***** Data in this exercise *****
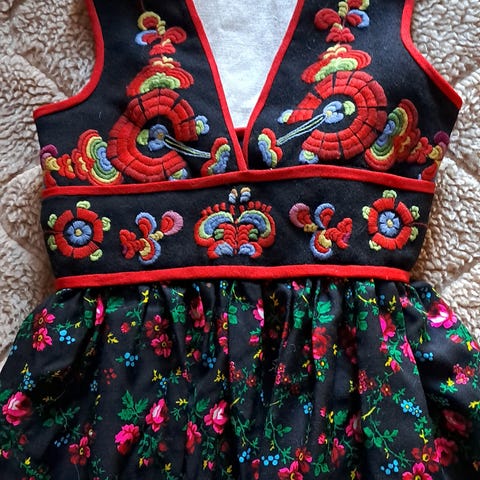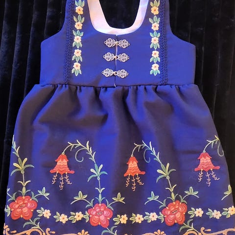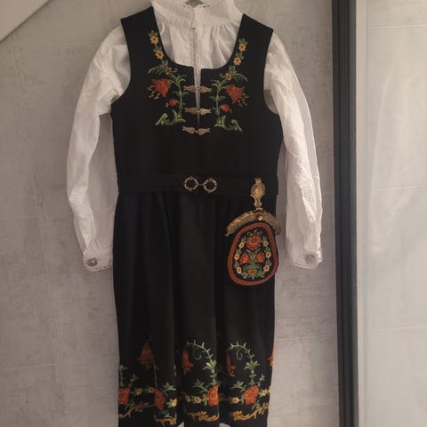 Løken barnebunad som kan justeres over flere år ut i fra lengden på barnet. Eier har brukt den fra alder 3 til 10, men heter seg str 6 til 12. Komplett ( uten skjorte og søljer)
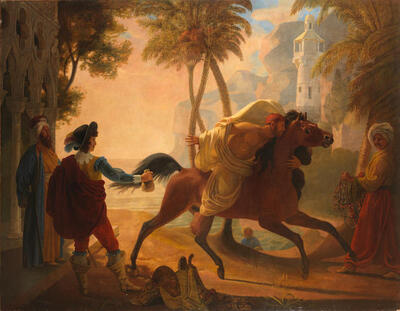 A coastal landscape with a cavalier purchasing an Arab stallion
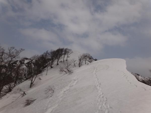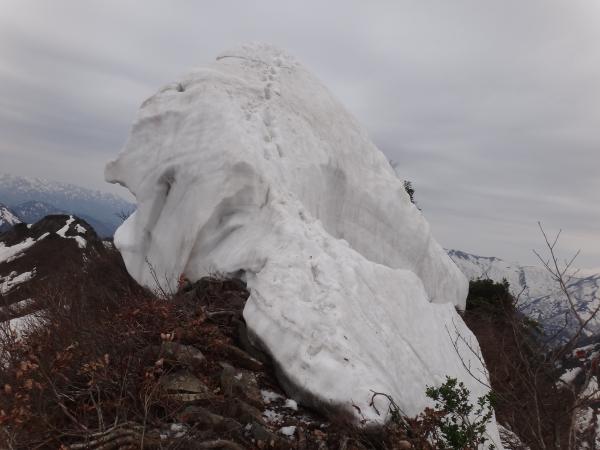 - 雪はほぼ腐っており落とし穴が所々に潜んでいました。山頂が近づくと締まってきますが、際どい痩せ尾根が続くので軽アイゼン必携です。
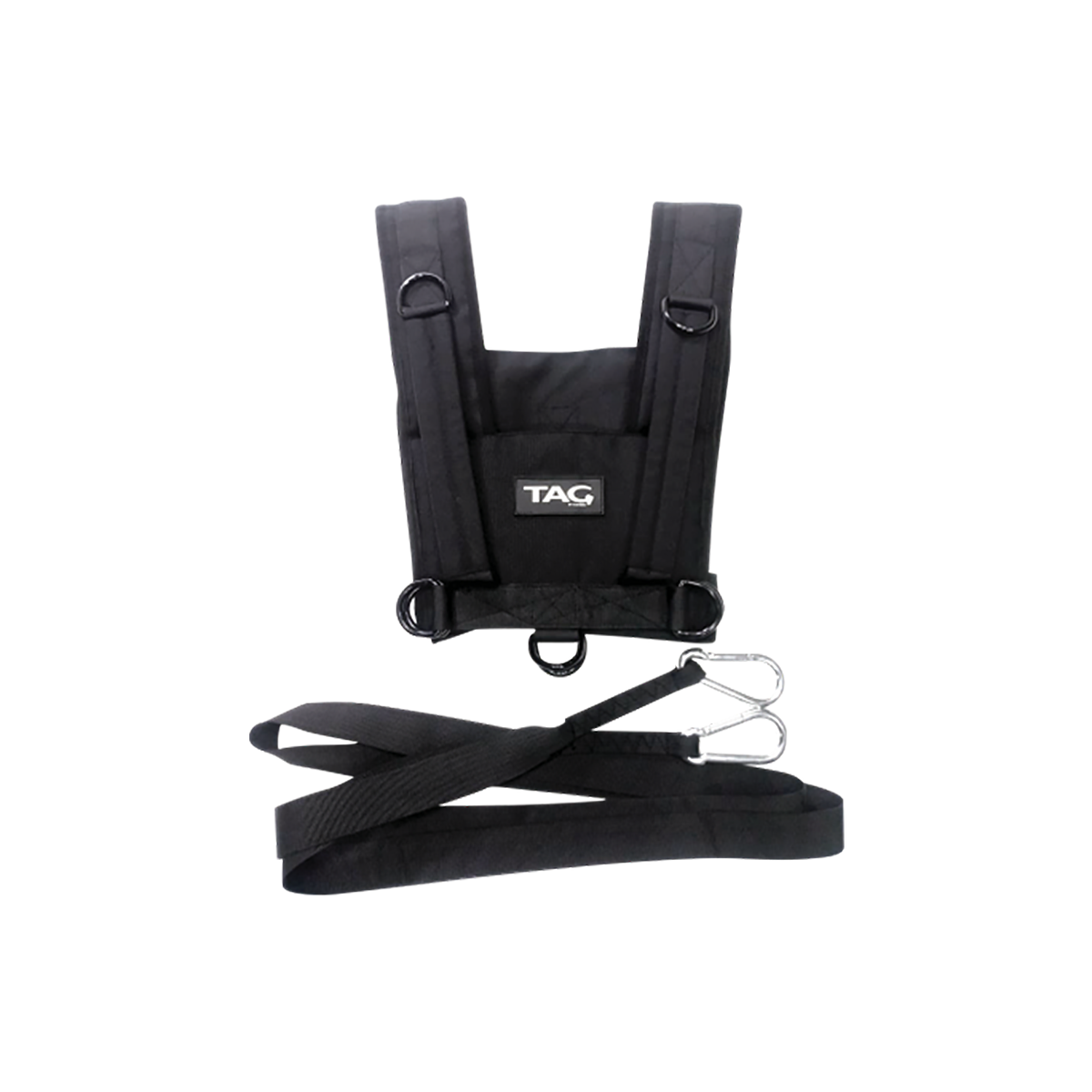 • Waist strap is 19.5”L x 1.5”W, secured to the harness with reinforced stitching
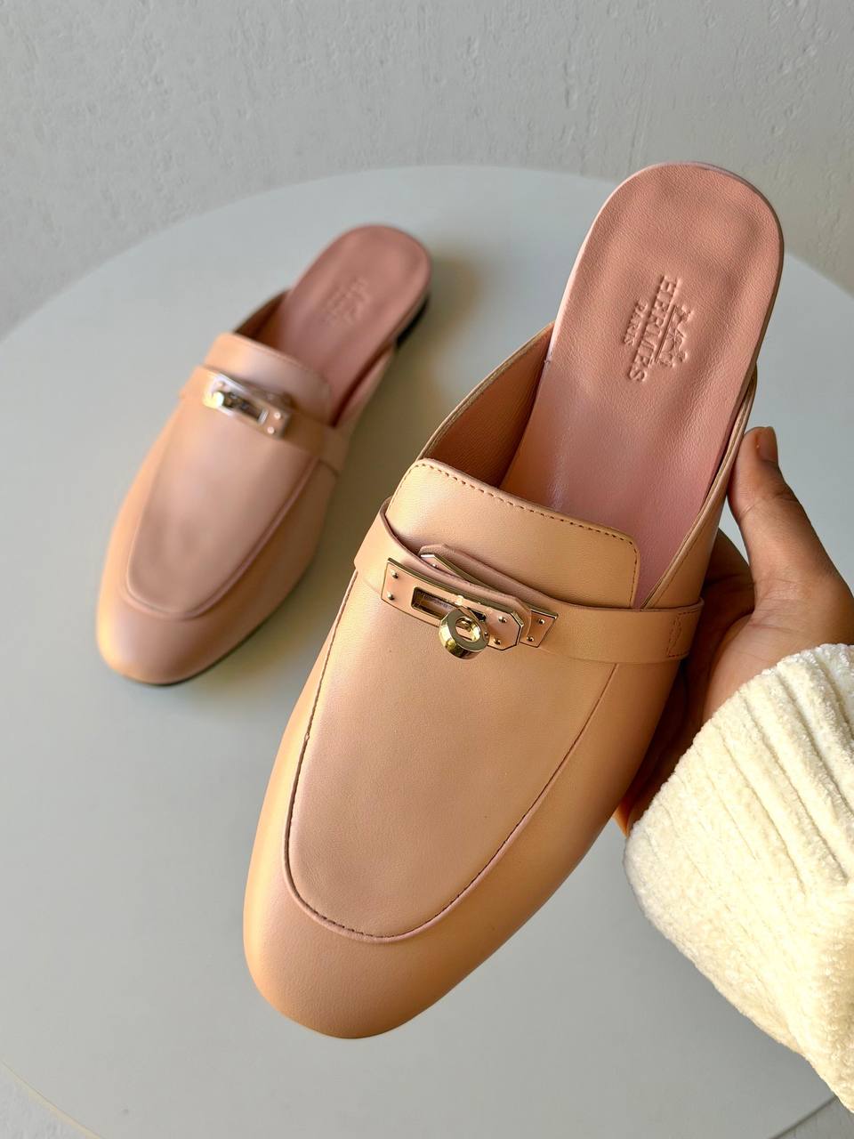 هذه نعال هيرميس أوز (Hermès Oz mules). وهي حذاء مفتوح من الخلف مصنوع من جلد العجل (أو الماعز في بعض الموديلات) ويتميز بإبزيم كيلي (Kelly buckle) المعدني الأيقوني المطلي بالبلاديوم.
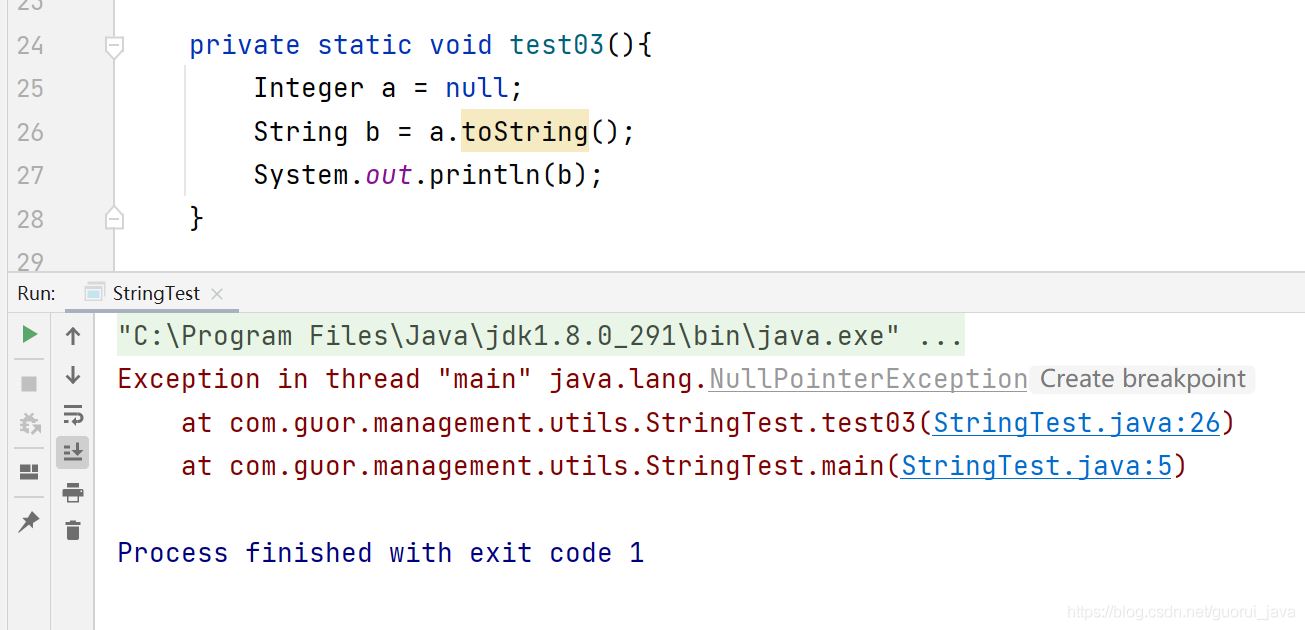 2、String.valueOf(),推荐使用,返回字符串“null”
*****
> _Work order_: All records above must be copied exactly, though the pictures they hold are to be left out.

> _Result_:
 Løken barnebunad som kan justeres over flere år ut i fra lengden på barnet. Eier har brukt den fra alder 3 til 10, men heter seg str 6 til 12. Komplett ( uten skjorte og søljer)
 A coastal landscape with a cavalier purchasing an Arab stallion
 - 雪はほぼ腐っており落とし穴が所々に潜んでいました。山頂が近づくと締まってきますが、際どい痩せ尾根が続くので軽アイゼン必携です。
 • Waist strap is 19.5”L x 1.5”W, secured to the harness with reinforced stitching
 هذه نعال هيرميس أوز (Hermès Oz mules). وهي حذاء مفتوح من الخلف مصنوع من جلد العجل (أو الماعز في بعض الموديلات) ويتميز بإبزيم كيلي (Kelly buckle) المعدني الأيقوني المطلي بالبلاديوم.
 2、String.valueOf(),推荐使用,返回字符串“null”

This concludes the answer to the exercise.